**EXERCISE BRIEF**
From the listing below, restate word for word the lines from the line containing "Set contains a" down through the line containing "lululemon Black Faux". Exclude pictures.

**TASK INPUT**
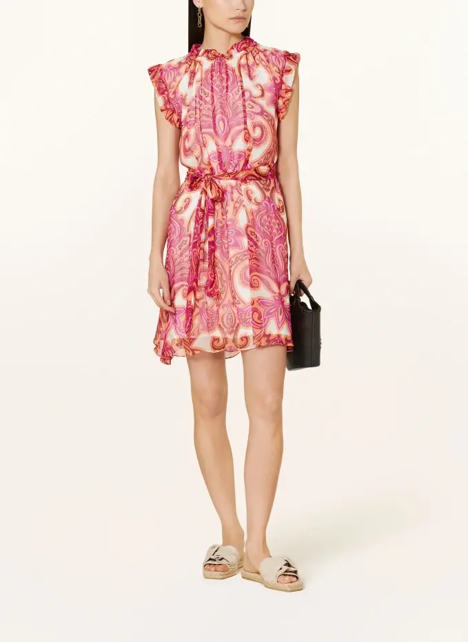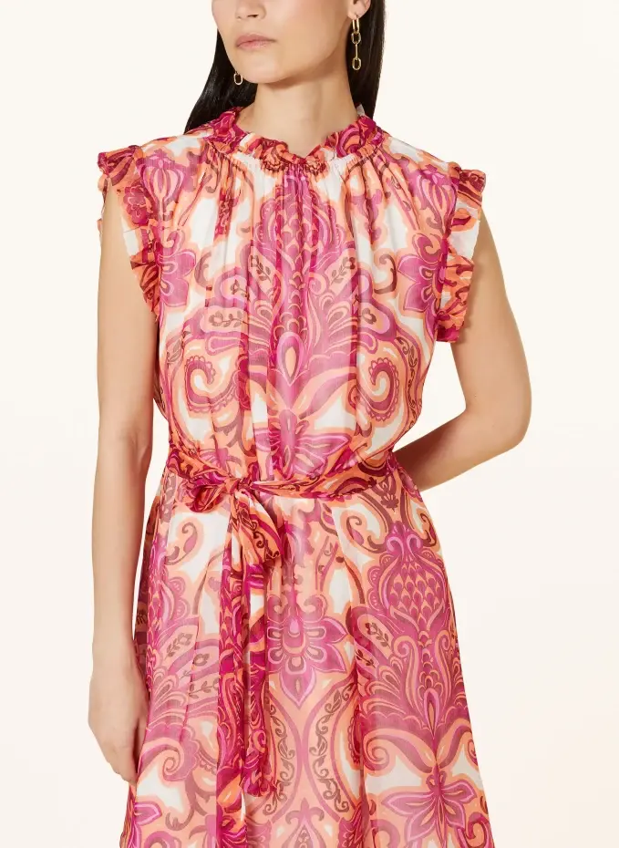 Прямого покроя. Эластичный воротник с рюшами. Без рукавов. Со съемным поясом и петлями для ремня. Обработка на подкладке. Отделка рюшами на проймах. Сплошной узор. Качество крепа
* * *
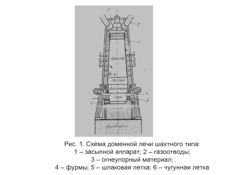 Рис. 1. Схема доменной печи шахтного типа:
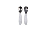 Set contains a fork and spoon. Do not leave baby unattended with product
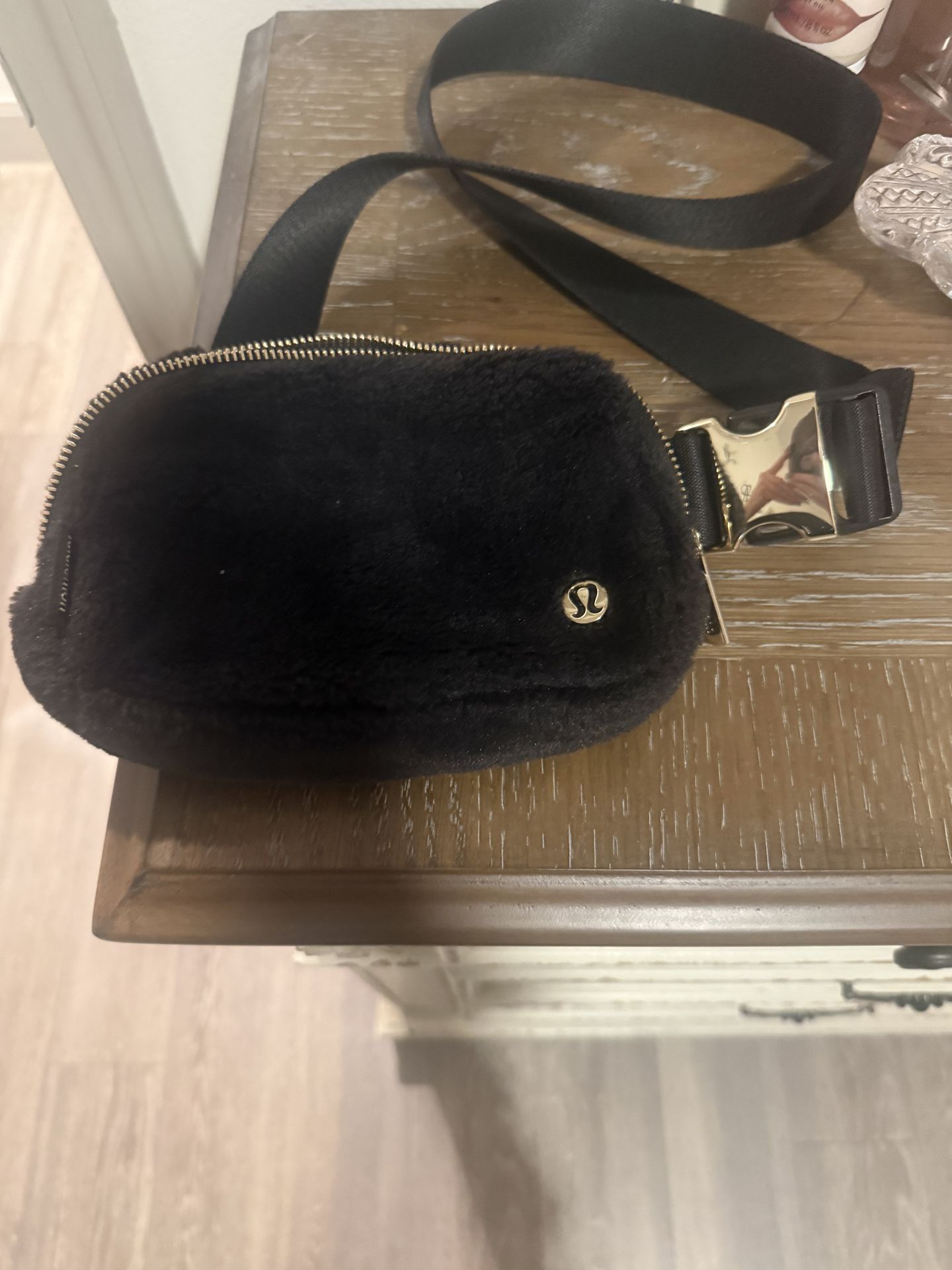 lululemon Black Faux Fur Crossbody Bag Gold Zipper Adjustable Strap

**RESPONSE TO THE EXERCISE**
 Set contains a fork and spoon. Do not leave baby unattended with product
 lululemon Black Faux Fur Crossbody Bag Gold Zipper Adjustable Strap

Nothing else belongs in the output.